Recently I got a lot of blue Gold's Gym flat band stock from Philly (thanks, man). I have used it before, usually cut tapered 3/4" to 1/2" and doubled, which is nice and snappy for 3/8 steel.

This time I did a bit of experimenting because I have been sticking with 7/16 steel ammo lately. Not being a mathametician, nor a chronie owner, I have stuck to the advise of some of the expert experimenters on this forum and stay pretty much with a 3:2 ratio when I taper a bandset. I guess the reason why I use a 3/4 to 1/2-inch taper so much is that to a simpleton like me it's easy to see that THREE quarters to TWO quarters is _ipso facto_ a THREE to TWO ratio. I'm not being cute here, just trying to demonstrate how an idiot thinks.

Anyway, for 7/16 ammo I came up with this sweet spot and I would like to share it. Here is how to cut them without any waste:










I have worked out an easy way, using a nomograph, to get a 3:2 taper with any width of bands. If the bandset I'm using is too weak or strong, I just start with more or less width. I hope you will be able to follow this pdf I'm attaching.

Edit: The bandset above is meant for a doubled set.


----------



## newconvert (Dec 12, 2011)

or another really easy way is to het your width at its widest point, and multiply by .66


----------



## treefork (Feb 1, 2010)

How does that blue golds gym compare to TBG?


----------



## Dayhiker (Mar 13, 2010)

@ new convert: True, but this is a way of being completely 100% accurate without having to convert you decimal-fraction answer into something readable on a ruler. You just use the distance directly. There really doesn't have to be a ruler or any number use at all once the graph is made. (A plus for us idiots.)

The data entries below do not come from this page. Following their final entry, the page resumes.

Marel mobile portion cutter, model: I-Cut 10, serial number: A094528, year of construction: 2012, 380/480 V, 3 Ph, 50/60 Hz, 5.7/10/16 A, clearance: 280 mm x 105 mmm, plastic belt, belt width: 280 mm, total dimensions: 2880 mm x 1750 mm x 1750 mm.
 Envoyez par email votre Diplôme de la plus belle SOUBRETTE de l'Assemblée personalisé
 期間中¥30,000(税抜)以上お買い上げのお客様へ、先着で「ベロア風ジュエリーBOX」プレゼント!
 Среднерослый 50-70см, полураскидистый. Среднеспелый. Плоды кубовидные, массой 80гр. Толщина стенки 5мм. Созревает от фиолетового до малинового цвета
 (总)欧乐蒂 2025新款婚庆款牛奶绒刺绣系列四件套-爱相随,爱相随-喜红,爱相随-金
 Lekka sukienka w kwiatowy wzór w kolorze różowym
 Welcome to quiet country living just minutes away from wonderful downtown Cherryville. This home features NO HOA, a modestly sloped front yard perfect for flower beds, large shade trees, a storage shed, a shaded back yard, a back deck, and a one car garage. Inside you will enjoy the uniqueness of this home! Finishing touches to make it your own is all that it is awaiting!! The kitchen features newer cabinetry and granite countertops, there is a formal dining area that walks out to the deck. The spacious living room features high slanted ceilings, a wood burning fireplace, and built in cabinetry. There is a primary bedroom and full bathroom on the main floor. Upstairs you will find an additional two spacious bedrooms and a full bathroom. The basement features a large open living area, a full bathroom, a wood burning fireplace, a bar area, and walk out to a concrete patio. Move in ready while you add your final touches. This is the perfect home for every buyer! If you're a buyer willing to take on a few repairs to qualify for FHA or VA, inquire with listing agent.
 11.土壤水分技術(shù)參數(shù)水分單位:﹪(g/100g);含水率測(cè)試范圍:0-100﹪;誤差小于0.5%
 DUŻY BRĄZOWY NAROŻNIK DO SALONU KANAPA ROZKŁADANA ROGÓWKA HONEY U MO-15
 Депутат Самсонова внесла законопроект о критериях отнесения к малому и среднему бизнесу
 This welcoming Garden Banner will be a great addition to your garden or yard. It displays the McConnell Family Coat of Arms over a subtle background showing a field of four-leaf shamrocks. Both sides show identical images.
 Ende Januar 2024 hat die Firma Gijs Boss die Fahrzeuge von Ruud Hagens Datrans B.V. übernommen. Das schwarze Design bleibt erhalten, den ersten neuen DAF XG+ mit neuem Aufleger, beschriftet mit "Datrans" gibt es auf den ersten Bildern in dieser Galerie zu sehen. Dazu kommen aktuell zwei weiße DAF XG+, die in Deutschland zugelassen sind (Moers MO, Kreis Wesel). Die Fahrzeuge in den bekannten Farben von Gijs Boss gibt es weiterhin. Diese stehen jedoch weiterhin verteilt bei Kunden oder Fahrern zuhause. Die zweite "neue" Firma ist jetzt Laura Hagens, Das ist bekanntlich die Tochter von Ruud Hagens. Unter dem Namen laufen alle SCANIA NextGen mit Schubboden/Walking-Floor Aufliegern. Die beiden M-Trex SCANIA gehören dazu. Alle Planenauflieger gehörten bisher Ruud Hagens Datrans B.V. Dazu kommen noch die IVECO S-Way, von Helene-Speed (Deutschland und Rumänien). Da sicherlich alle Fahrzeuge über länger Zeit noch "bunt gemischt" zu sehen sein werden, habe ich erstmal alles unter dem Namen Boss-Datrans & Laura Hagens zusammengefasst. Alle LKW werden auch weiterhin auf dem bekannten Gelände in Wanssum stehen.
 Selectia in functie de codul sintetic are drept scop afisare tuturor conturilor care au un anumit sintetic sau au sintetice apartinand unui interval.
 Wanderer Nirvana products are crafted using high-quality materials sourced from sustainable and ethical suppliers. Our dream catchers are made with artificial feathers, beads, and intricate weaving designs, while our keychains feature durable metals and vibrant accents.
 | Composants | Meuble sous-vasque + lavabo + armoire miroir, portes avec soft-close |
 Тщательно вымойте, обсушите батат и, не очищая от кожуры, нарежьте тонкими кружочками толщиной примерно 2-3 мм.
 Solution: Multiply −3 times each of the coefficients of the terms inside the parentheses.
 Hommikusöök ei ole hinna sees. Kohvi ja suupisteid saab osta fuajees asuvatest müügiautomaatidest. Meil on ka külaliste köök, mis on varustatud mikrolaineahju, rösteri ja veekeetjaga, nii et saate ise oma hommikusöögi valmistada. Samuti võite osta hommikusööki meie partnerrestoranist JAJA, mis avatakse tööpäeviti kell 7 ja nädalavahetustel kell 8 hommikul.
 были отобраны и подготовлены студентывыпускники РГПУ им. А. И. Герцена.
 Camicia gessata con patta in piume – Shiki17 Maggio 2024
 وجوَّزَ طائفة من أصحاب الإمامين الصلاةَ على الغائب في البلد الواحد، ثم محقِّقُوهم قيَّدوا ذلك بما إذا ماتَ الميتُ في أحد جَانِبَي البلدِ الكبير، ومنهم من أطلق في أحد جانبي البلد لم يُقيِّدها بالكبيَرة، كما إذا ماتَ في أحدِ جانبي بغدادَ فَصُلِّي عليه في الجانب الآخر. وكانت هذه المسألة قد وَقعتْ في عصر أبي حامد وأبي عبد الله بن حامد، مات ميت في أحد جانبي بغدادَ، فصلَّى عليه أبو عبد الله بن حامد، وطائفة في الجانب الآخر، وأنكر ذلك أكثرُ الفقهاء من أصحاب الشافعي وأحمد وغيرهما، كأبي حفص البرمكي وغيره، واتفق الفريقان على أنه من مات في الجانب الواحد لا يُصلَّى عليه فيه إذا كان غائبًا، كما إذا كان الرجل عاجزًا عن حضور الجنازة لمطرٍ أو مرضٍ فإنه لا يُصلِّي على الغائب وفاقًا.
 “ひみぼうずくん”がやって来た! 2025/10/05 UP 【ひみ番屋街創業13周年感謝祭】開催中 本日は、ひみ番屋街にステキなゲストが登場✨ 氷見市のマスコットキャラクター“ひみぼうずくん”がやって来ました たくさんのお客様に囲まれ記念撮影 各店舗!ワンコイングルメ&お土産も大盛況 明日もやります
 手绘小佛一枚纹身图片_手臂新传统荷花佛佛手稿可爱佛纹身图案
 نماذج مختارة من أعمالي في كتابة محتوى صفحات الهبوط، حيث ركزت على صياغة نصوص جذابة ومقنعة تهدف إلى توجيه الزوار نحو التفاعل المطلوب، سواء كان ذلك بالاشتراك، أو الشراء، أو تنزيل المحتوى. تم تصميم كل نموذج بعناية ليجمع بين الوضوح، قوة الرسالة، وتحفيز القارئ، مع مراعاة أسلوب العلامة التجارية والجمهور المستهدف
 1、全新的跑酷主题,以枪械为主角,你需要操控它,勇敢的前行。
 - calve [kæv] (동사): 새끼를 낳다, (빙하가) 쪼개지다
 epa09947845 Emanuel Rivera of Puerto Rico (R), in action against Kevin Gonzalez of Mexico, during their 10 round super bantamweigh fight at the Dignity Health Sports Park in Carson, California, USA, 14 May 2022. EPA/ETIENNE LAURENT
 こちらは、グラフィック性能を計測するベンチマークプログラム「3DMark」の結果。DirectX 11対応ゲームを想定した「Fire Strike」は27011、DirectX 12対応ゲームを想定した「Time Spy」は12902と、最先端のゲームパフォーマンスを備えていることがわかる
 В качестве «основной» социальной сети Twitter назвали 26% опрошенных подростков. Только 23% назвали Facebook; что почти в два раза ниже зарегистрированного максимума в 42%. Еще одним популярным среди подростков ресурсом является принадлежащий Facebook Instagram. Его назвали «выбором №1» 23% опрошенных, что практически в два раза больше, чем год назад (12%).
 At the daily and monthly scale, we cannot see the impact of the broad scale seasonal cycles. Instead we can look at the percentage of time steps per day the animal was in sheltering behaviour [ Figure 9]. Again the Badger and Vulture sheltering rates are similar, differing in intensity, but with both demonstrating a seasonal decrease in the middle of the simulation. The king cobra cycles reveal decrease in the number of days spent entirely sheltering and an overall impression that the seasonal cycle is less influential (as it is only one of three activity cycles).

@ treefork: It seems to be about half as thick as TBG


----------



## M.J (Nov 1, 2010)

Here's a post with the thicknesses for Gold's Gym and Embark (sold at Target) bands: Link
Gold's Gym Blue is between TB Black and Silver.
Thanks for the tip, DH!


----------



## newconvert (Dec 12, 2011)

M_J said:


> Here's a post with the thicknesses for Gold's Gym and Embark (sold at Target) bands: Link
> Gold's Gym Blue is between TB Black and Silver.
> Thanks for the tip, DH!


so is the GJB any good? might be nice for butterfly bands.


----------



## M.J (Nov 1, 2010)

It doesn't have the same endless stretch as thera does. I have a set of butterfly bands cut to Torsten specs that bottom out at 48" where I know the TB Black sets he uses will go 60".
They're ok for regular bands, though.


----------



## newconvert (Dec 12, 2011)

M_J said:


> It doesn't have the same endless stretch as thera does. I have a set of butterfly bands cut to Torsten specs that bottom out at 48" where I know the TB Black sets he uses will go 60".
> They're ok for regular bands, though.


good to know, thanks


----------